Polymerase Chain Reaction (PCR)

Steps in PCR

  1. Melting: Heating DNA to 94°C to separate strands.

  2. Annealing: Cooling to allow primers to bind around 60°C.

  3. Extension: Increasing back to 72°C for DNA synthesis by Taq polymerase.

  4. Repetition: Each cycle doubles the target DNA, enabling amplification.

Amplification Results

  • Shorter molecules increase slowly; longer ones increase exponentially, leading to targeted amplification success.

Reverse Transcriptase and Sanger Sequencing

Reverse Transcriptase Functionality

  • Converts mRNA to DNA using a poly-T primer that binds to adenines in the tail.

  • Key for retroviruses that need to integrate into host DNA.

Sanger Sequencing Process

  1. Melting DNA.

  2. Annealing: Introduces a single primer to sequence one strand.

  3. Utilization of ddNTPs: Incorporates terminators halting sequence elongation at various lengths.

  4. Electrophoresis: Fragment sizes reveal nucleotide sequences through charge differences.

Molecular Cloning Overview

  • Involves recombinant DNA creation for expression in living organisms.

  • Plasmids and various vectors facilitate the introduction and transformation of DNA.

Genetically Modified Organisms (GMOs)

Types of GMOs

  • Cisgenic: Introduce genes from the same species.

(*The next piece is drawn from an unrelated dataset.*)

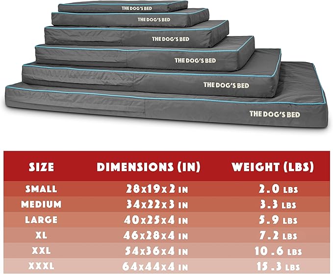 - XXL Grey with Blue Trim (Easy Clean Cover) 54x36x4” waterproof orthopedic dog bed. Solid 2” high density, orthopedic memory foam over a solid 2” base of high stability support foam with covers designed so that your bed fits your home decor seamlessly and your dog can stay close to your family

  • Transgenic: Transfer genes from different species to manipulate traits.

Cloning Plants and Animals

  • Techniques such as cuttings, mericlones, and somatic embryogenesis used in plants.

  • Animal transformation is more complex; stable inheritance requires incorporation into germ lines.

Examples of GMOs

  • BT Corn: Contains bacteria-derived toxin for pest resistance.

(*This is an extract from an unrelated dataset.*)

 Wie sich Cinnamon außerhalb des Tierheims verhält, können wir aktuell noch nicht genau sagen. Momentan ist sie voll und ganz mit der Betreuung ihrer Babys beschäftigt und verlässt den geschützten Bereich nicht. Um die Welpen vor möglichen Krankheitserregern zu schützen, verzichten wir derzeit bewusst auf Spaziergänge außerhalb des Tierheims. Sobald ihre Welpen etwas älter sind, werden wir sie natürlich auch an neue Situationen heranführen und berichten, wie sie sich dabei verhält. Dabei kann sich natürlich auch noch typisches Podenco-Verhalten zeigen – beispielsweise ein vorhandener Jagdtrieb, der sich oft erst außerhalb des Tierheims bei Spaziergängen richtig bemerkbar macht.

  • Golden Rice: Enriched with Vitamin A through genetic modifications.

  • Malaria-resistant Mosquitoes: Aim to reduce malaria transmission.

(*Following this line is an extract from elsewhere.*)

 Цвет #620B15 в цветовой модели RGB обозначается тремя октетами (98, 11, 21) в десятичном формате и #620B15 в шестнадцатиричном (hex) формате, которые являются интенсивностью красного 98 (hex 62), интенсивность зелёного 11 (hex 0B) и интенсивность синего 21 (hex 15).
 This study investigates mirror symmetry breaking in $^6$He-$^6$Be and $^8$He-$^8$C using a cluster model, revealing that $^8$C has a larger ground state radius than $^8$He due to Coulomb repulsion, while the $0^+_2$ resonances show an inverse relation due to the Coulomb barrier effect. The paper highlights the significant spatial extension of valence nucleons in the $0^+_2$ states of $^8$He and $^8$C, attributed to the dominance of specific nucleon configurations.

  • Enviropig: Genetically modified to produce less phosphate in waste.

Summary Points to Know

  • Model Organisms: E. coli, Mouse, Rhesus Monkey, their advantages and limitations.

  • Molecular Techniques: Staining, Gel Electrophoresis, Restriction Enzymes, PCR, and Sanger Sequencing.

  • Genetic Engineering: Use of vectors and transformation techniques, including plasmids and artificial chromosomes.